Once we talked a lot. There was indeed a time when we were inseparable. Another life, it seems. A time when we used to meet openly, and you'd show me your cards. I'd show you mine. I told you how to play your hand, and you told me how to play mine. But it seems to me that we were playing two different games. Perhaps it was the same game. I wouldn't know. Looking back, I didn't know what game we were playing. Why didn't I know? Because I don't know to play cards. I joined a game I didn't know how to play. I googled words to say, and I tried to look confident. But I never looked at the instructions. I knew what you weren't supposed to do, but I didn't know what you were. You knew. You tried to tell me. I told you I had tried all of that even though I hadn't. I figured that game wasn't for me, and I tried to throw my cards down. I tried to leave the table, and I tried to leave the casino. But you grabbed me. You grabbed me and pulled me away from the door, which I had not yet touched. You sat me down and said, "Just watch and learn" and I agreed. This is where the story gets messy. You lost a lot in that game. The gamble was too much, but you thought you had the better hand. You went all in, and you lost. You took a breath. "OK, I'll just, wait. I'll take a break." and you started to regain your skill. Your first loss took a toll on you. But it was ok because you thought you'd found the way. And then you lost again. I was expecting you to take a break and regroup. I was expecting this as much as everyone else at the table, and we thought you would shrug it off. You didn't laugh it off and keep going though. No one thought what happened, ever would. You threw down your cards and everyone gasped as they saw your horrible hand. They accused the dealer of being unfair, and targeting you. The dealer just looked on, as if he couldn't hear anything. He probably saw it every day. But we saw you head to the bar. You accepted a cigarette and a glass of liquor but that didn't help. You went around to find a man but that didn't help either. Finally, you gave up. I tried to stop you but like I said, I don't know how to play cards. And you ran out of the casino. It was never the same, after that night.

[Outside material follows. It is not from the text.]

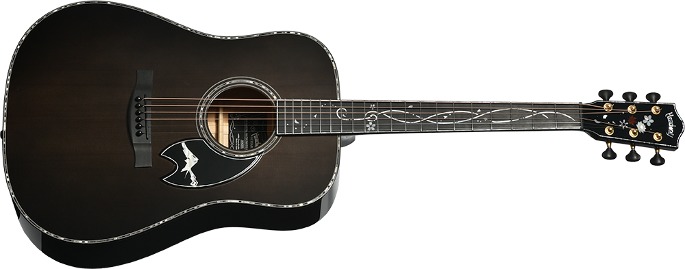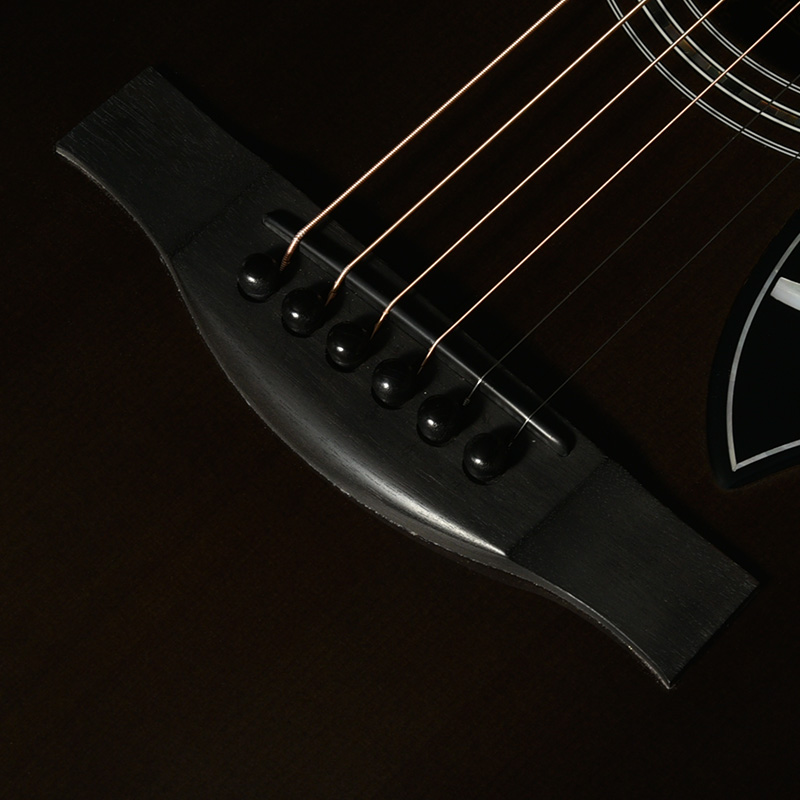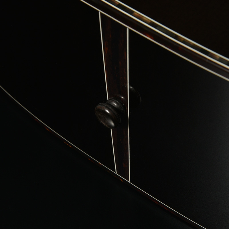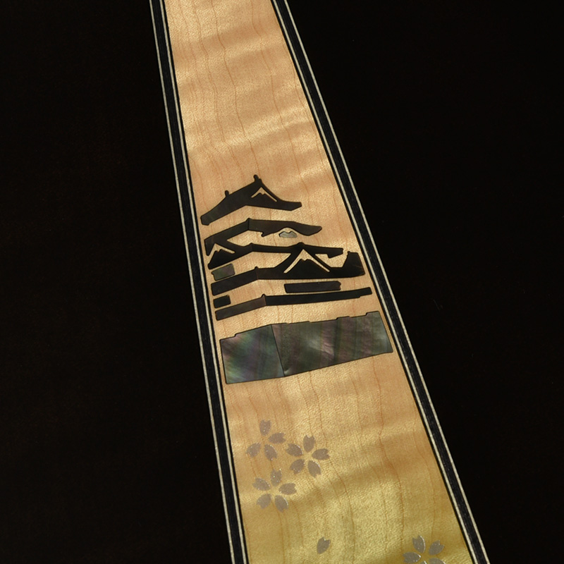 ボディのカラーリングは松本城の天守をイメージした”黒”で仕上げました。桜材の杢目を見せる黒の色合いは表現が難しく、数々のギターを塗り分けてきた職人の技と感覚で調色されています。

You see, when you committed suicide, this what I wrote at the funeral. You loved cards. I figured I could pretend you were still here, if I told the story in a different aspect. If I pretended it wasn't a death, and that you had just quit a game. But life is a game, really. There are no rules, however, and nobody wins. I realized that when I was writing. I thought to call it a tie, but that is what we call sugarcoating, and I know you hated that. In truth, life is not a tie. Life is a game where no one can cheat, so everyone loses. No matter how good your hand may seem, your bet gets taken away from you, until you don't have anything left. Your hand is really just a distraction. It distracts you from the fact that the dealer has all the good cards hidden under the table. It distracts you from the fact that the game is unfair, and it distracted me from the fact that I didn't know how to play.